D’ores et déjà, les besoins en recrutements immédiats sont estimés à 20 000 personnes, et à plus de 42 000 emplois dans les 5 ans à venir (Rapport de Branche aide à domicile 2017).

Il y a urgence car le secteur est à bout de souffle

Un sondage3 réalisé par Opinion Way pour UNA révélait que 10 % des demandes d’accompagnement n’avaient pu être honorées en 2018, en raison du manque de personnel. En effet, 19 % des postes à pourvoir sont restés vacants cette même année.

Pour Guillaume Quercy, président de UNA, le gouvernement doit prendre ses responsabilités. « Ce qui est en jeu c’est la manière dont notre société va s’occuper des plus fragiles, qu’ils soient âgés ou en situation de handicap. Sans mesure financière d’ampleur aujourd’hui, demain, il n’y aura plus de services d’aide à domicile de proximité, donc plus de solutions pour les personnes fragiles et leurs aidants ».
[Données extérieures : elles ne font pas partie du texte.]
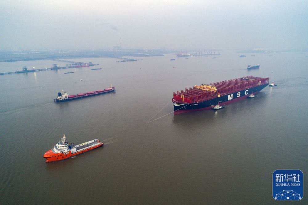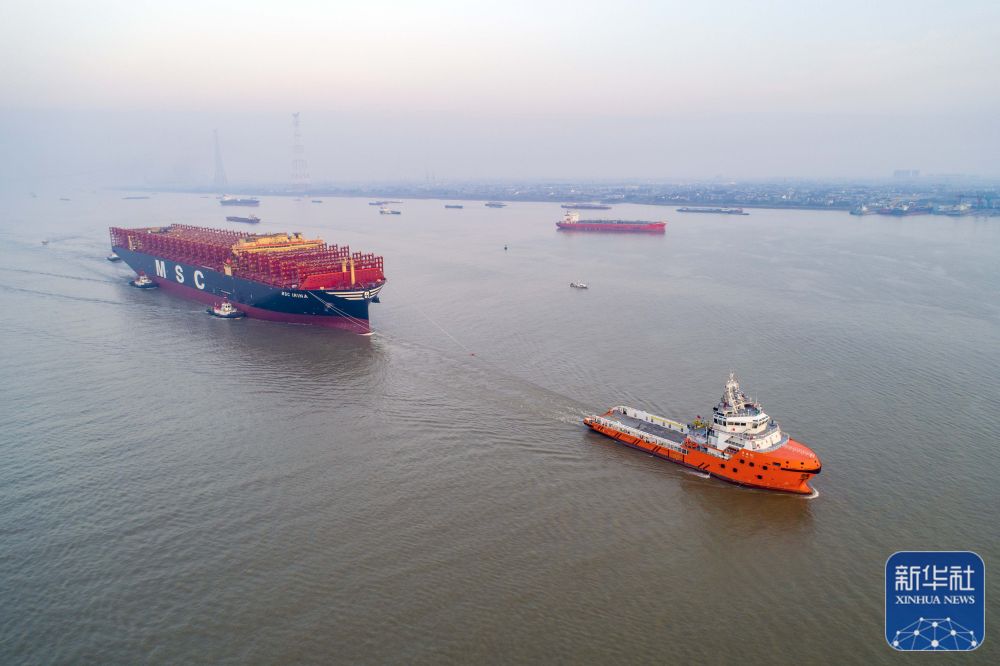 全球最大新造集装箱船进入长江拖航作业

Aller plus vite, plus loin avant et dans le cadre de la loi Grand âge et autonomie

UNA se tiendra bien entendu à la disposition des pouvoirs publics dans le cadre de la Conférence sur les métiers annoncée par la ministre des Solidarités et de la Santé, ce matin.


Pour aller plus loin, UNA appelle de ses vœux la nomination d’un Secrétaire d’Etat, ou d’un Haut-Commissaire, pour mener à bien ces discussions, tenir les engagements du gouvernement, et mettre en œuvre une réforme ambitieuse et financée.

Enfin, UNA se félicite de la volonté de décloisonner l’aide et le soin, notamment à travers un OPCO commun, véritable levier pour de futurs parcours professionnels.